O handlu organami, o tym straszliwym (i straszliwie dochodowym) procederze pisze Veit Heinichen, autor wstrząsającego kryminału Śmierć na liście oczekujących, opublikowanego nakładem wydawnictwa Noir Sur Blanc. Powieść jest pierwszą z cyklu książką z bohaterem komisarzem Proteo Laurentim w roli głównej. Na fali popularności powieści tego gatunku autorowi trudno przyznać miejsce na czele peletonu, zdecydowanie nie dorównuje on techniką oraz wirtuozerią słowa takim autorom, jak Mankell, Löckberg, Larsonn czy Marklund. Mimo tego otrzymujemy książkę wciągającą, która rozbudza apetyt na lekturę kolejnych części, a na dodatek wzbudzającą sprzeczne emocje i stanowiąca podstawę do dyskusji na temat etyki oraz procederu związanego z handlem organami ludzkimi.
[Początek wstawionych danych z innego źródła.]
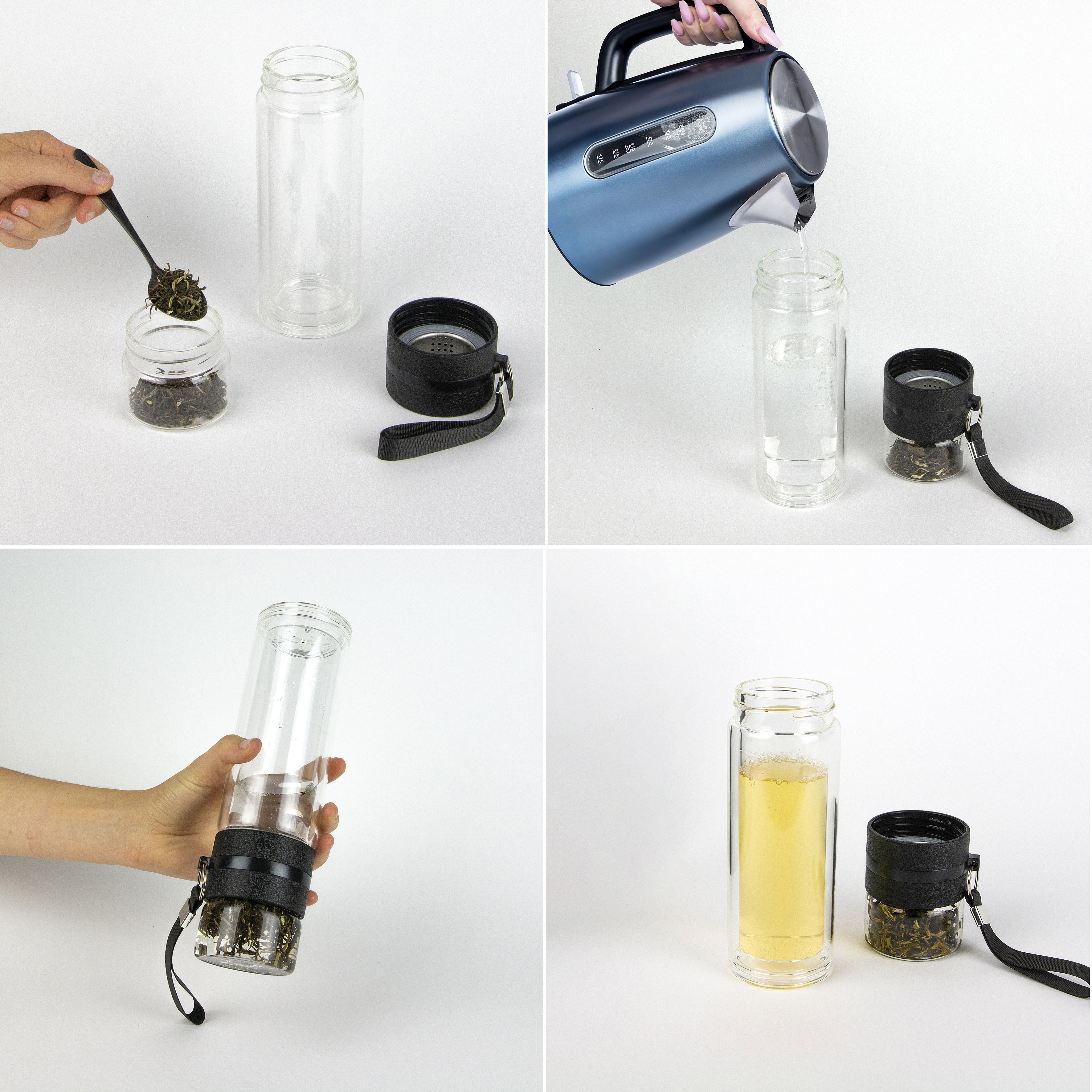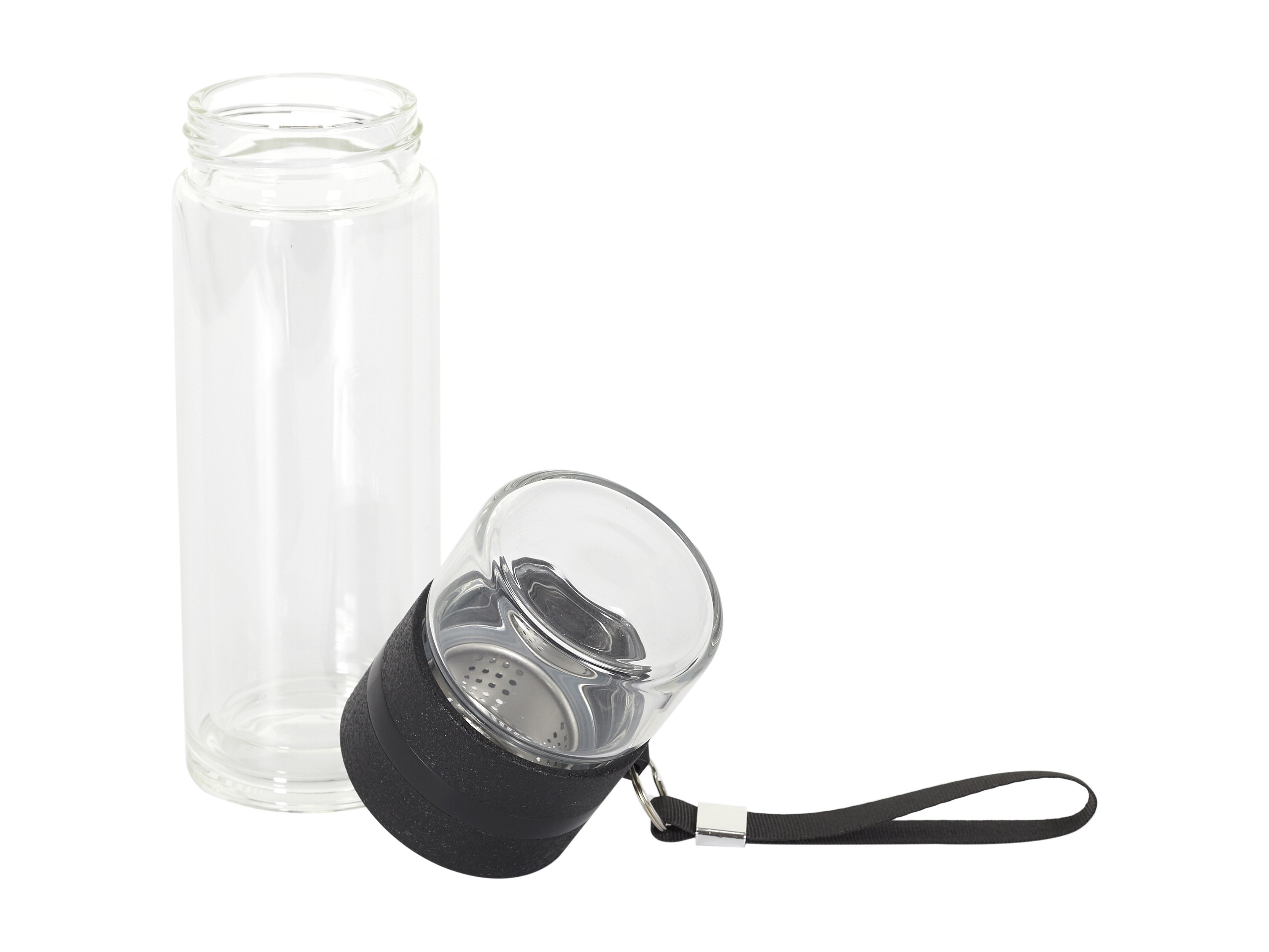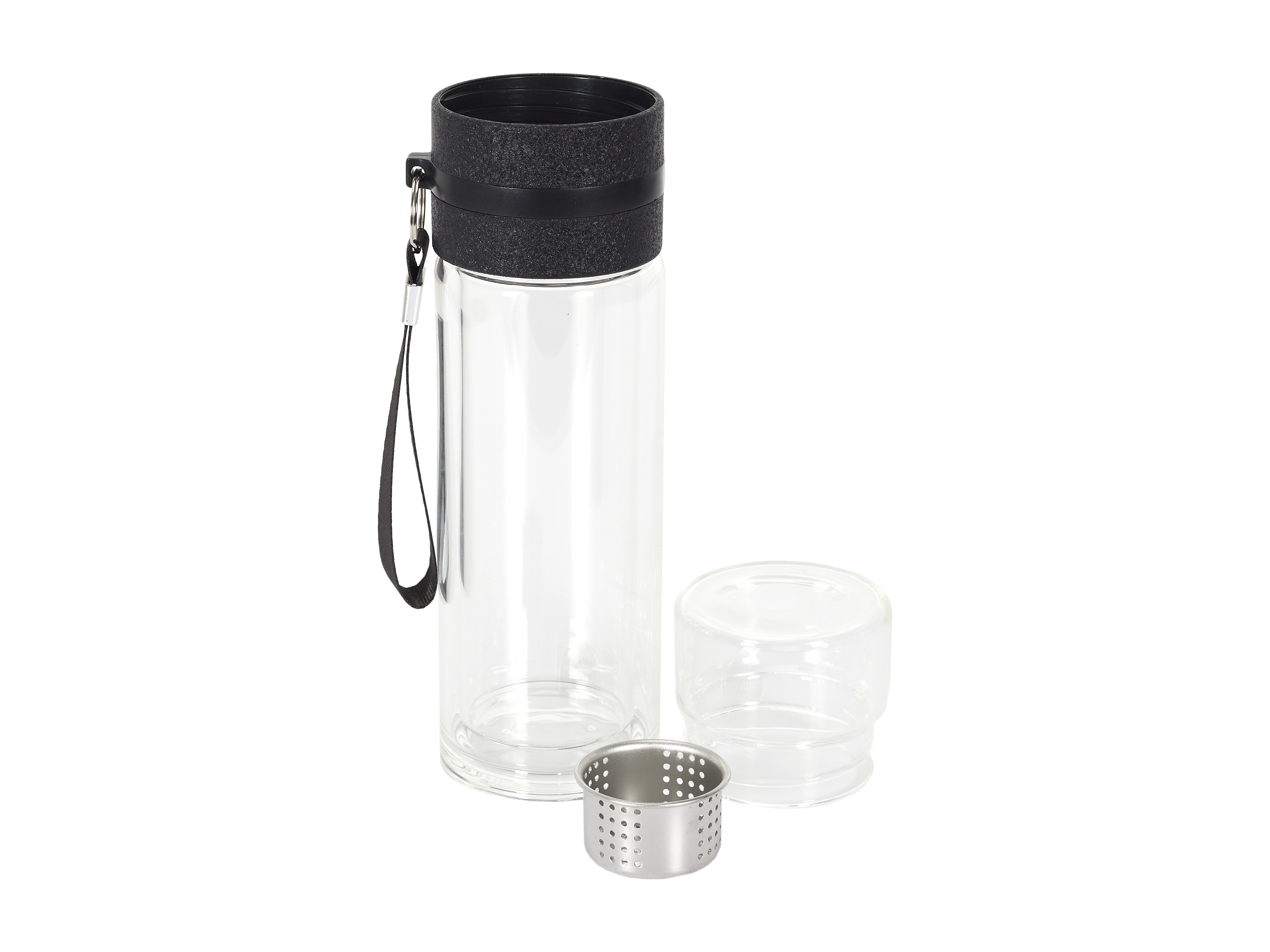 Bouteille Double Paroi Compartiment Infusion Noir, Transparent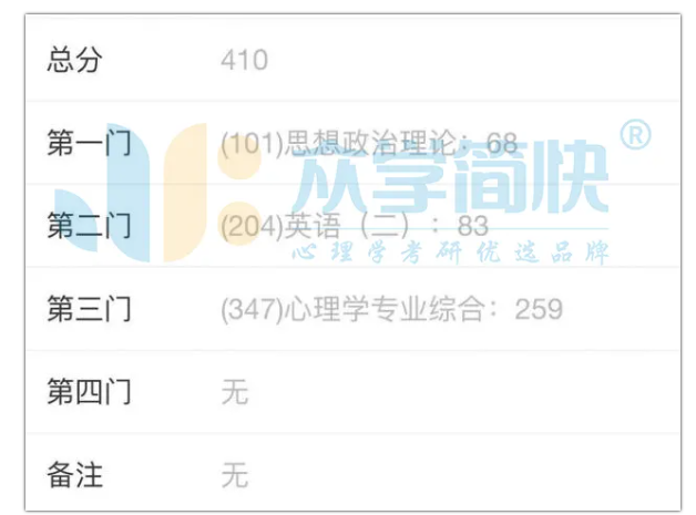 二战报名福州大学应用心理专硕,这次我紧跟课程安排的步伐,抓住暑假强化阶段,后期冲刺阶段也没有松懈,初试总分410分,专业课259分,排名第四,最后综合第三上岸。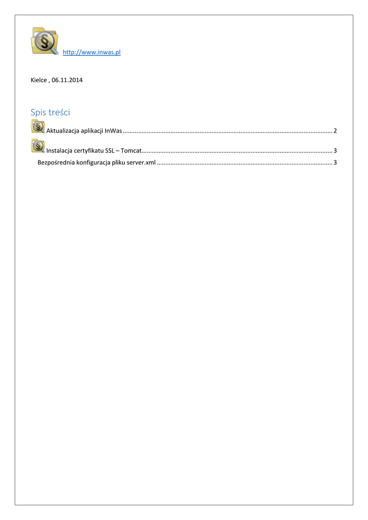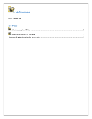 http://www.inwas.pl Kielce , 06.11.2014 Spis treści Aktualizacja aplikacji InWas ........................................................................................................................... 2 Instalacja certyfikatu SSL – Tomcat................................................................................................................ 3 Bezpośrednia konfiguracja pliku server.xml ....................................................................................................... 3 Aktualizacja aplikacji InWas Wersja 4.14 Wykonane zmiany : ! Usunięto blokadę znaków specjalnych w nazwie użytkownika podczas korzystania z LDAP/AD ! Poprawiono sposób kasowania sprawy + Dodano możliwość używania szablonów podczas dodawania nowej sprawy 1. Pobrać i rozpakować do osobnego katalogu paczkę http://www.inwas.pl/inwasapp/inwasUpdate414.zip 2. Zatrzymać serwis serwera Tomcat 3. Zlokalizować katalog aplikacji webapps/inwas 4. Nadpisać zawartość katalogu inwas zawartością pobranej paczki 5. Uruchomić Tomcat. Instalacja certyfikatu SSL – Tomcat Bezpośrednia konfiguracja pliku server.xml Wymagane: certyfikat SSL dla docelowej domeny i nazwy serwisu w formatach: Java Key Store (np inwas.test.pl.key, .keystore) lub PFX/P12 (PKCS#12) (inwas.test.pl.pfx) 1. Plik z certyfikatem (klucz prywatny oraz publiczny) należy zapisać w miejscu dostęnym dla serwisu Tomcat. 2. Ustalić konfigurację Tomcat w pliku server.xml: o Odnaleźć i odkomentować sekcję "SSL Connector". o Ustawić port na 8443 . o Ustawić parametry dostępu do certyfikatu: format pliku klucza Java (Java Key Store) <Connector port="8443" maxHttpHeaderSize="8192" maxThreads="150" minSpareThreads="25" maxSpareThreads="75" enableLookups="false" disableUploadTimeout="true" acceptCount="100" scheme="https" secure="true" clientAuth="false" sslProtocol="TLS" keystoreFile="inwas.test.pl.key" keystorePass="hasło do keystore" /> formatu pliku PFX/P12 (PKCS#12) <Connector port="8443" maxHttpHeaderSize="8192" maxThreads="150" minSpareThreads="25" maxSpareThreads="75" enableLookups="false" disableUploadTimeout="true" acceptCount="100" scheme="https" secure="true" clientAuth="false" sslProtocol="TLS" keystoreFile="inwas.test.pl.pfx" keystorePass="hasło_keystore" keystoreType="PKCS12" /> o Odszukać i wyłączyć ( zakomentować) sekcję <Listener className="org.apache.catalina.core.AprLifecycleListener" SSLEngine="on" /> 3. Zrestartować serwis Tomcat

Akcja książki toczy się w Trieście, gdzie mieszka i pracuje komisarz Proteo Laurenti. Przyjdzie mu zmierzyć się z nie lada zagadką – dwie śmierci, które okazują się w dość zaskakujący sposób ze sobą powiązane. Zaskakujące, bowiem co może łączyć pochodzącego z Rumunii mężczyznę, który nie dość, że znajduje się w Trieście nielegalnie, to jeszcze rzuca się pod policyjne samochody, mając na sobie szpitalny fartuch oraz znakomitego neurochirurga, Leo Lestizza, który we własnym domu zostaje pozbawiony męskości? Okazuje się, że bardzo wiele, biorąc pod uwagę fakt, iż lekarz był zatrudniony w prywatnej klinice „La Salva”, znanej również poza granicami kraju, oferującej zabiegi z dziedziny medycyny estetycznej i chirurgii plastycznej. Jak się okazuje, nie tylko…


Intryguje nie tylko fakt, że wszyscy pracownicy kliniki pochodzą z innych krajów – zarówno asystenci lekarzy, jak i pielęgniarki werbowani są zazwyczaj za wschodnią granicą. Wszyscy też przed przyjęciem do pracy są zobowiązani do podpisania zobowiązania do milczenia. Czy dzieje się tak dlatego, że pacjentami kliniki, przybywającymi najczęściej z Włoch, Austrii czy Niemiec, są wysoko postawione osoby, czy dlatego, że klinika ma coś do ukrycia?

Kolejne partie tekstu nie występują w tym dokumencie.